# What to do
Note on the material below: return exactly the lines from the line that holds "Mit vorne und" through the line that holds "un recuerdo inolvidable.", and leave out each picture.

# Supplied information
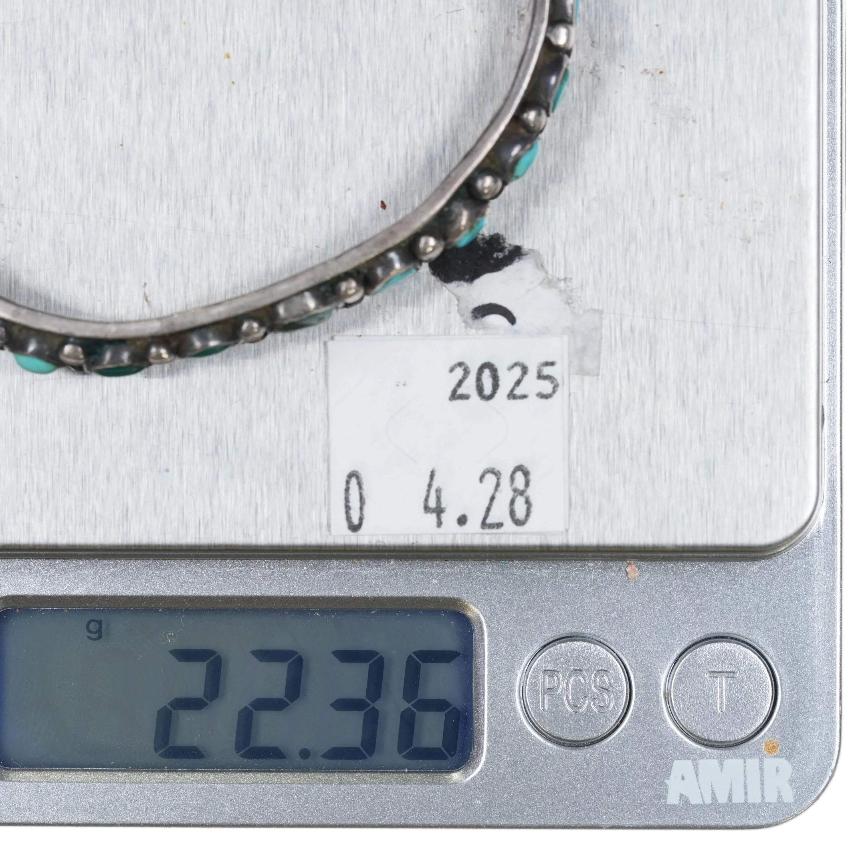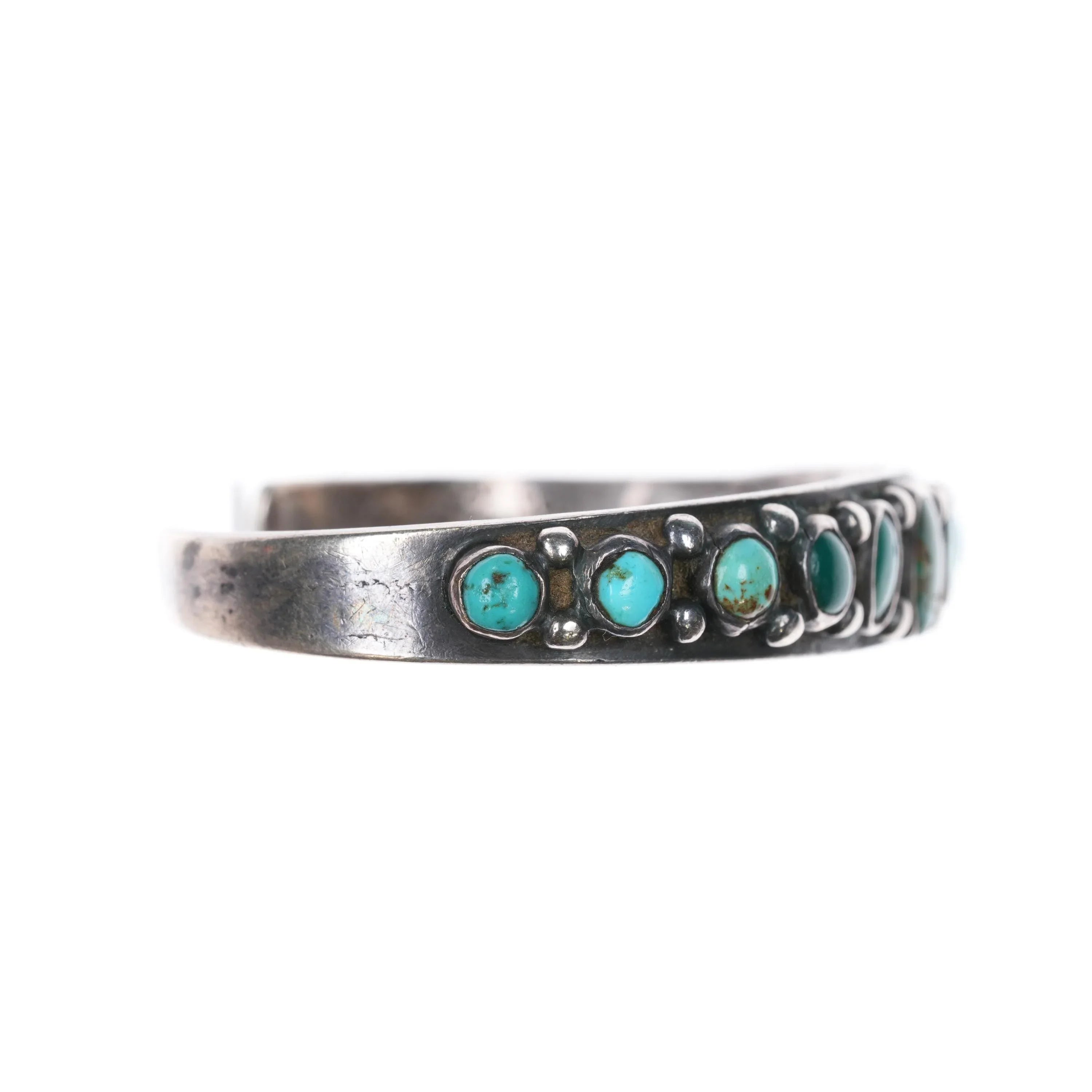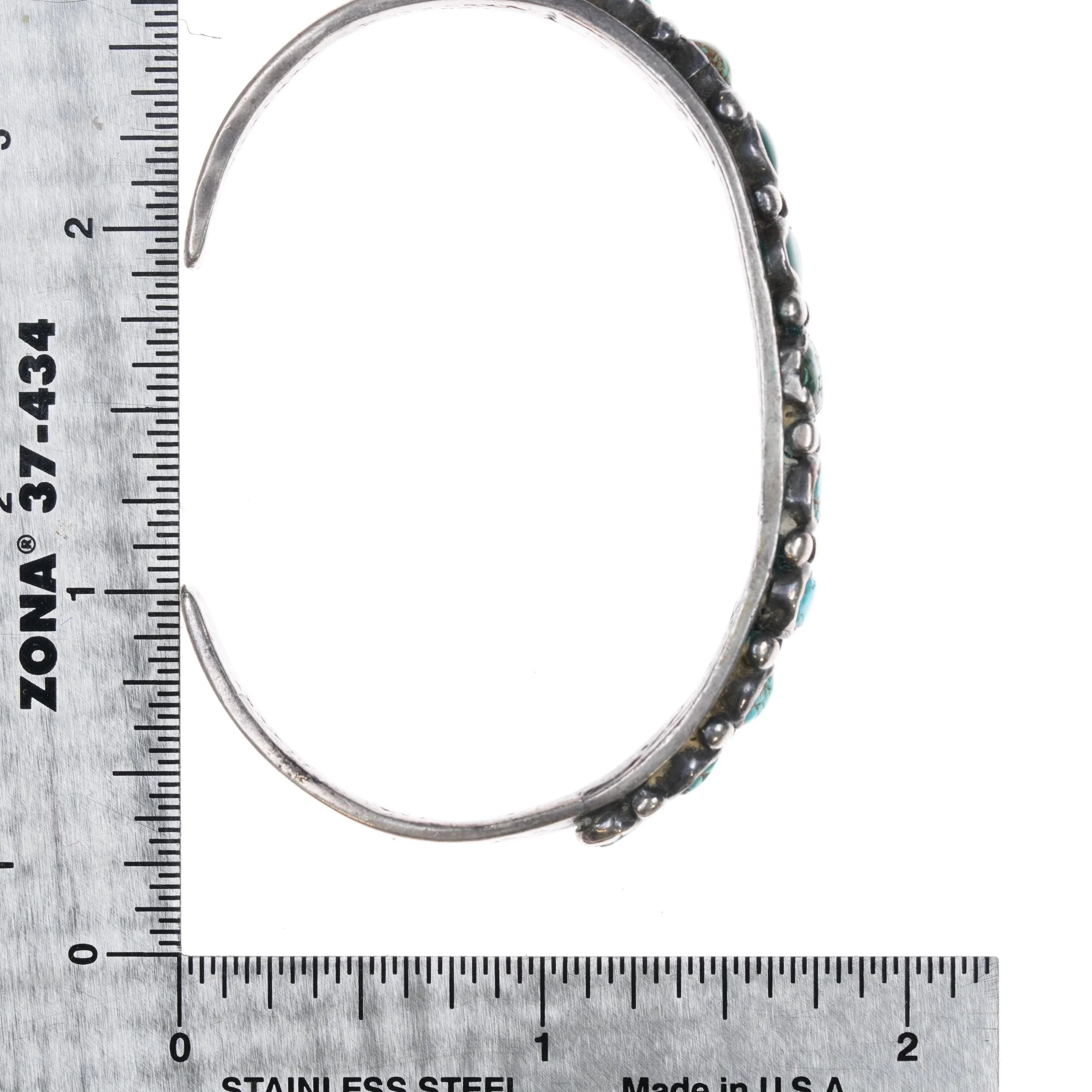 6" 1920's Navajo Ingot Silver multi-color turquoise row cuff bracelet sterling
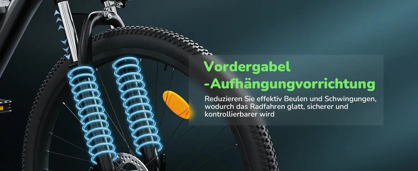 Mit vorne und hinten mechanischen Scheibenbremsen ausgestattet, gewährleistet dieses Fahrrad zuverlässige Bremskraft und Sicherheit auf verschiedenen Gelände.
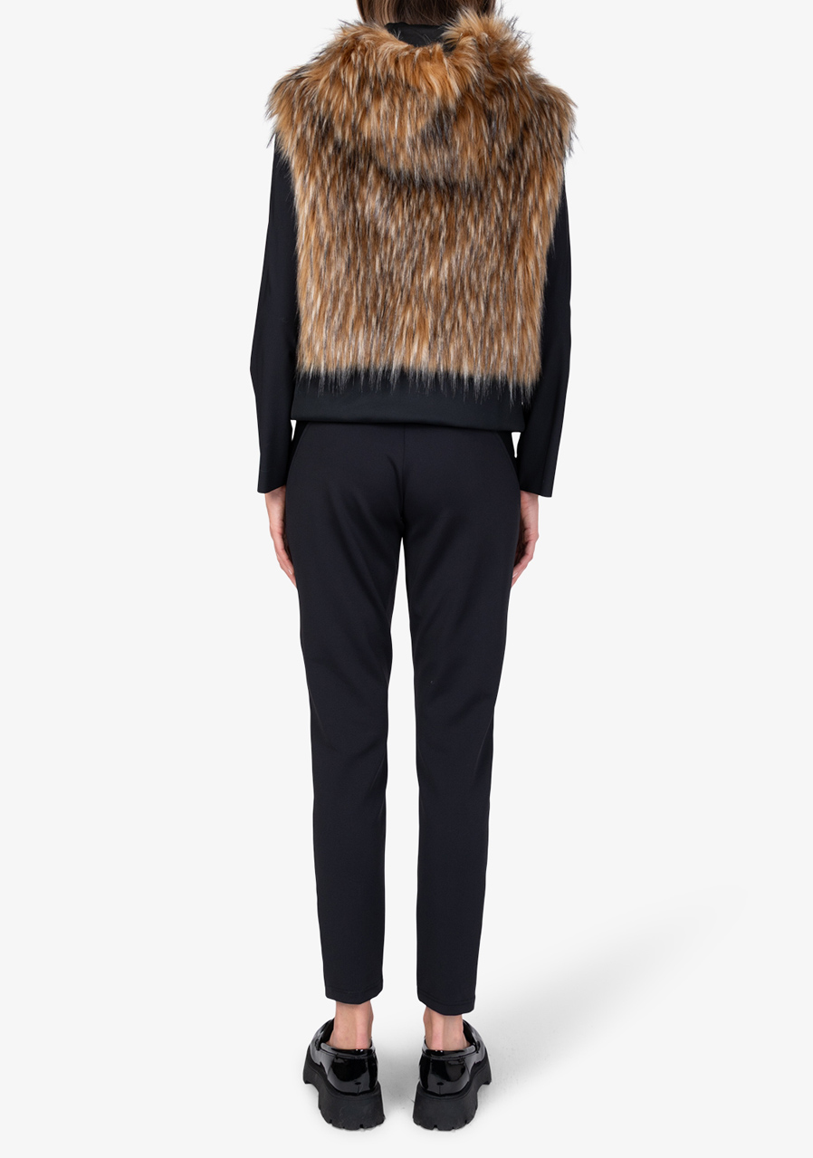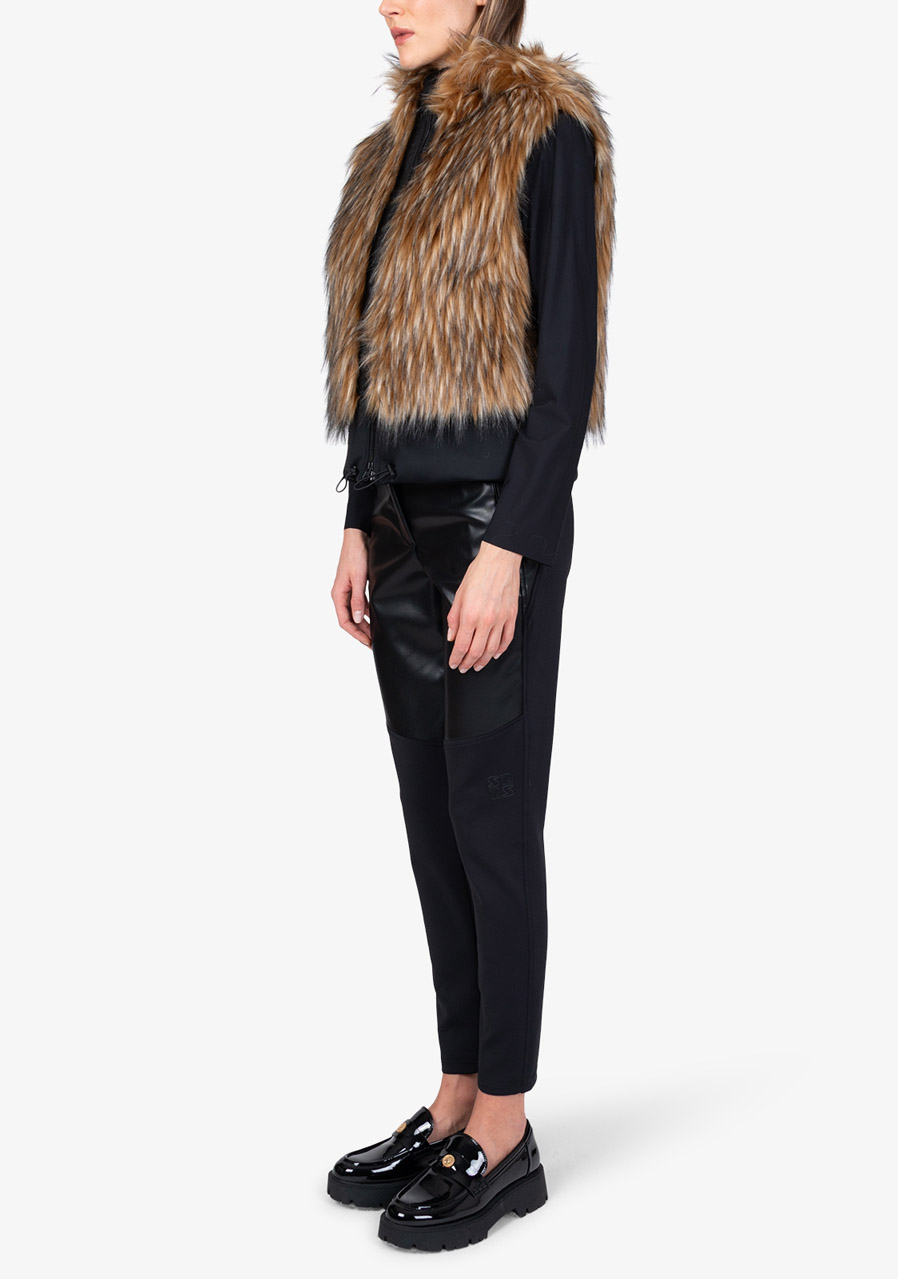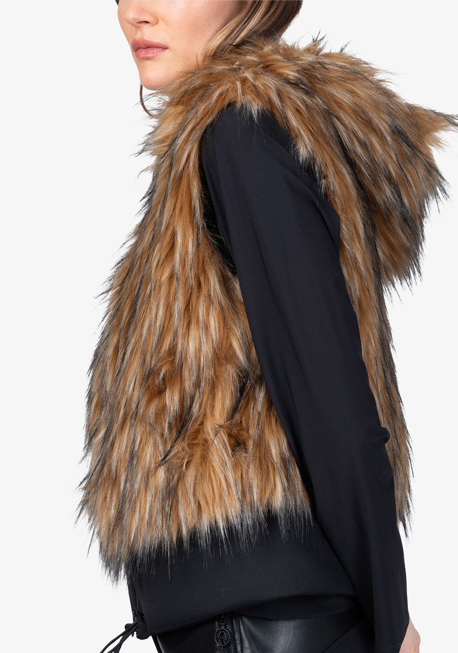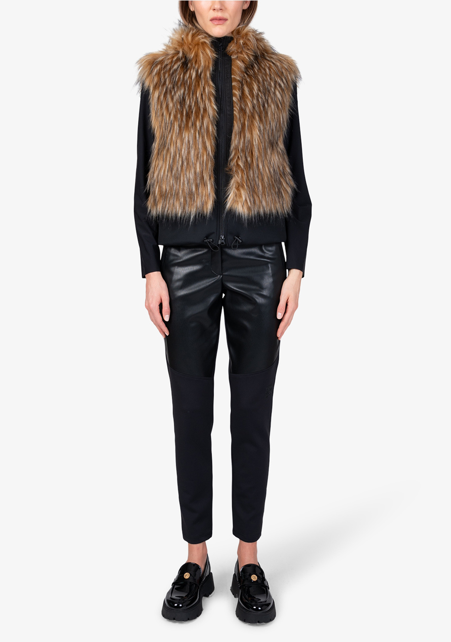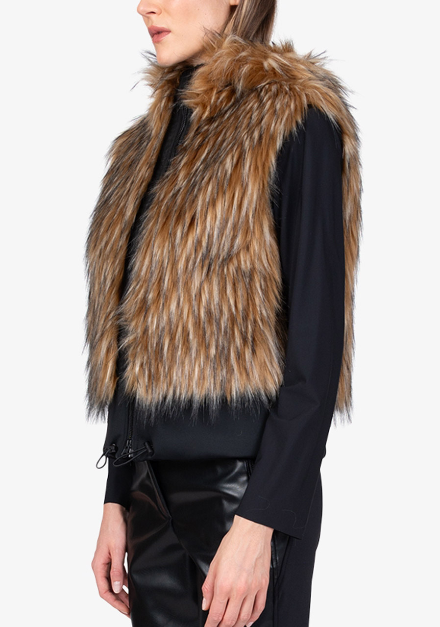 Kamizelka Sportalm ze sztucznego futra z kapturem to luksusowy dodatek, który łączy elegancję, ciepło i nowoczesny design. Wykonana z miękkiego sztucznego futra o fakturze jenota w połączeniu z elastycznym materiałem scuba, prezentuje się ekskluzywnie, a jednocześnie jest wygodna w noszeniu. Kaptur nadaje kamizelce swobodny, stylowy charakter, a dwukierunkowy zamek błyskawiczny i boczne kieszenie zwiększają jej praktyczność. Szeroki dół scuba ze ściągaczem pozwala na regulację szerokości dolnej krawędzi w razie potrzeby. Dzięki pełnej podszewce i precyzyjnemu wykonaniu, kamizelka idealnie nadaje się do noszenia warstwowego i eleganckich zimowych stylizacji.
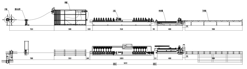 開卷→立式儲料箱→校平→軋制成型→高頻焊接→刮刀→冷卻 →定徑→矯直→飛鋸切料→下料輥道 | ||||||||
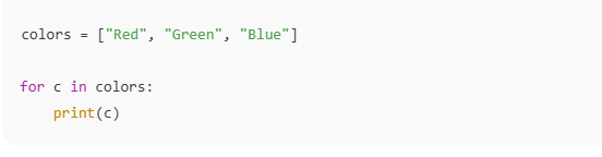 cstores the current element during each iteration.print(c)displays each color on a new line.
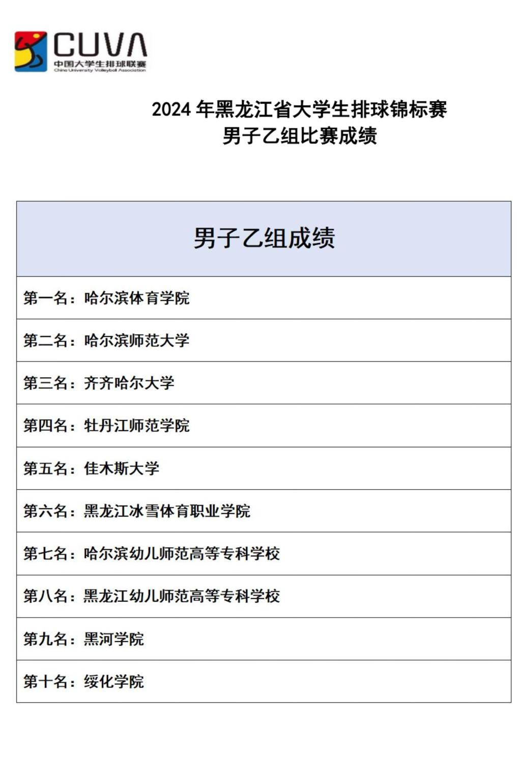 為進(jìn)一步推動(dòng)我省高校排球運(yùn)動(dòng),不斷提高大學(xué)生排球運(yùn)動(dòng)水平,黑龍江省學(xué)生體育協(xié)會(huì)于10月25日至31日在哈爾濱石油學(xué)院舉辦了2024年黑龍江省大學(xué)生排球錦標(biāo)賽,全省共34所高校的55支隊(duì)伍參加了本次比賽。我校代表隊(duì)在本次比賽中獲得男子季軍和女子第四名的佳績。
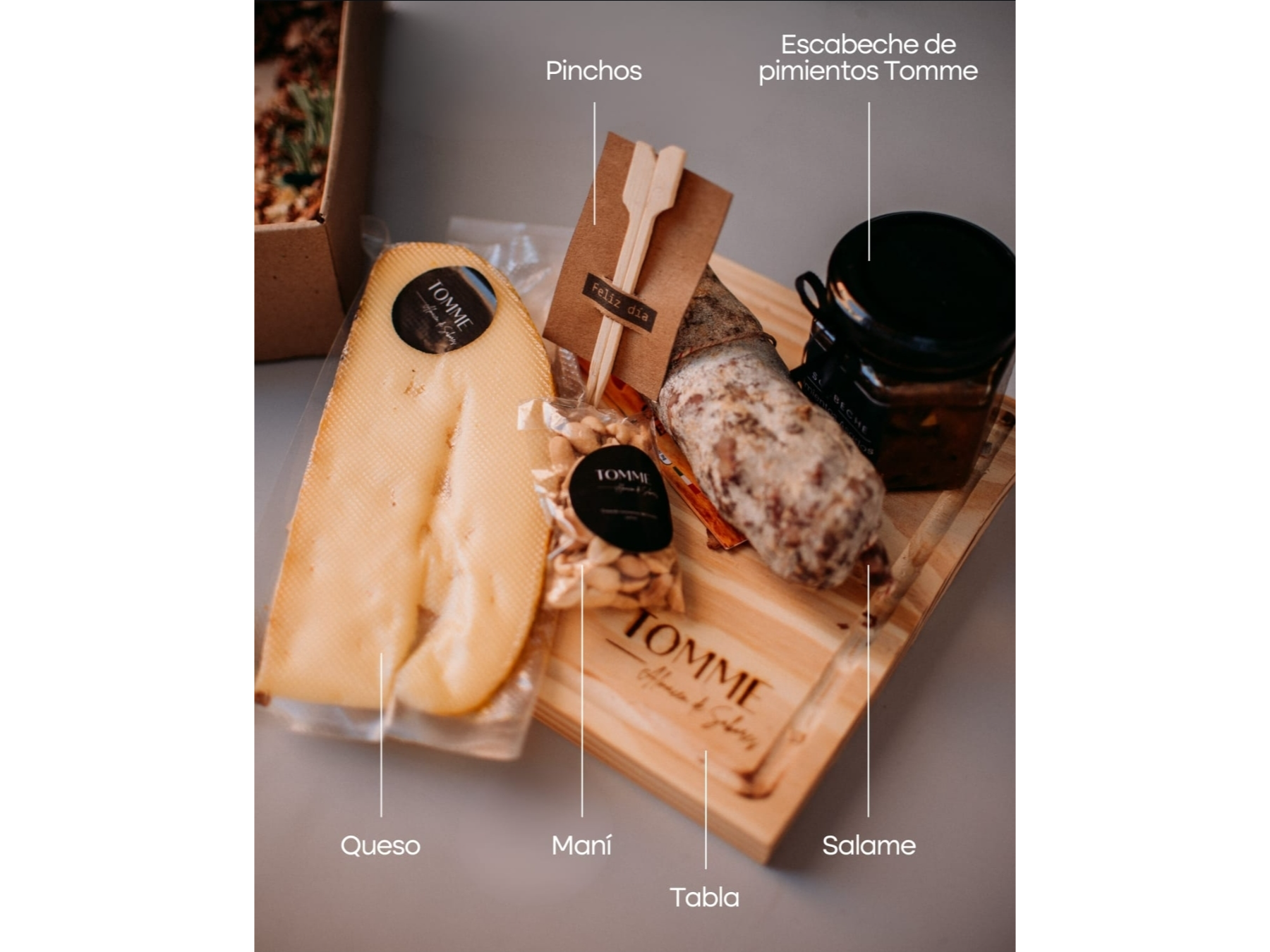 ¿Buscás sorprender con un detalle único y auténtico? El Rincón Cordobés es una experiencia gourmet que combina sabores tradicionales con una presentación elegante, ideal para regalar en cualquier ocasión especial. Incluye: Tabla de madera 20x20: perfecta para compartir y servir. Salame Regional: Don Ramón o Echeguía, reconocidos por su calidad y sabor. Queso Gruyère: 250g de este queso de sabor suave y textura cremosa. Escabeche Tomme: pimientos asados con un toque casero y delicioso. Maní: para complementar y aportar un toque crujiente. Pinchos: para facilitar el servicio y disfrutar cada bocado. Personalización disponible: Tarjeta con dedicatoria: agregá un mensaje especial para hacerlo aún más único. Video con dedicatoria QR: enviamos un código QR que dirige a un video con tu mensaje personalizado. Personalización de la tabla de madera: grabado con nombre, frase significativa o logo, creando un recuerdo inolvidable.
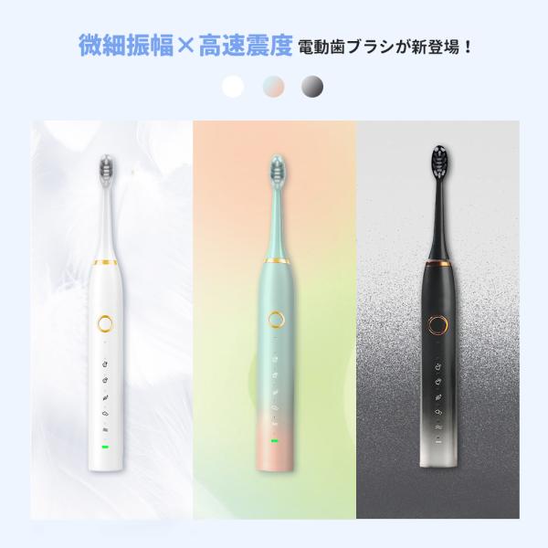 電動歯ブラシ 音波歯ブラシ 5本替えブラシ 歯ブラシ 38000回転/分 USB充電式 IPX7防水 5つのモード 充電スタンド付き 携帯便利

# Answer area
 Mit vorne und hinten mechanischen Scheibenbremsen ausgestattet, gewährleistet dieses Fahrrad zuverlässige Bremskraft und Sicherheit auf verschiedenen Gelände.
 Kamizelka Sportalm ze sztucznego futra z kapturem to luksusowy dodatek, który łączy elegancję, ciepło i nowoczesny design. Wykonana z miękkiego sztucznego futra o fakturze jenota w połączeniu z elastycznym materiałem scuba, prezentuje się ekskluzywnie, a jednocześnie jest wygodna w noszeniu. Kaptur nadaje kamizelce swobodny, stylowy charakter, a dwukierunkowy zamek błyskawiczny i boczne kieszenie zwiększają jej praktyczność. Szeroki dół scuba ze ściągaczem pozwala na regulację szerokości dolnej krawędzi w razie potrzeby. Dzięki pełnej podszewce i precyzyjnemu wykonaniu, kamizelka idealnie nadaje się do noszenia warstwowego i eleganckich zimowych stylizacji.
 開卷→立式儲料箱→校平→軋制成型→高頻焊接→刮刀→冷卻 →定徑→矯直→飛鋸切料→下料輥道 | ||||||||
 cstores the current element during each iteration.print(c)displays each color on a new line.
 為進(jìn)一步推動(dòng)我省高校排球運(yùn)動(dòng),不斷提高大學(xué)生排球運(yùn)動(dòng)水平,黑龍江省學(xué)生體育協(xié)會(huì)于10月25日至31日在哈爾濱石油學(xué)院舉辦了2024年黑龍江省大學(xué)生排球錦標(biāo)賽,全省共34所高校的55支隊(duì)伍參加了本次比賽。我校代表隊(duì)在本次比賽中獲得男子季軍和女子第四名的佳績。
 ¿Buscás sorprender con un detalle único y auténtico? El Rincón Cordobés es una experiencia gourmet que combina sabores tradicionales con una presentación elegante, ideal para regalar en cualquier ocasión especial. Incluye: Tabla de madera 20x20: perfecta para compartir y servir. Salame Regional: Don Ramón o Echeguía, reconocidos por su calidad y sabor. Queso Gruyère: 250g de este queso de sabor suave y textura cremosa. Escabeche Tomme: pimientos asados con un toque casero y delicioso. Maní: para complementar y aportar un toque crujiente. Pinchos: para facilitar el servicio y disfrutar cada bocado. Personalización disponible: Tarjeta con dedicatoria: agregá un mensaje especial para hacerlo aún más único. Video con dedicatoria QR: enviamos un código QR que dirige a un video con tu mensaje personalizado. Personalización de la tabla de madera: grabado con nombre, frase significativa o logo, creando un recuerdo inolvidable.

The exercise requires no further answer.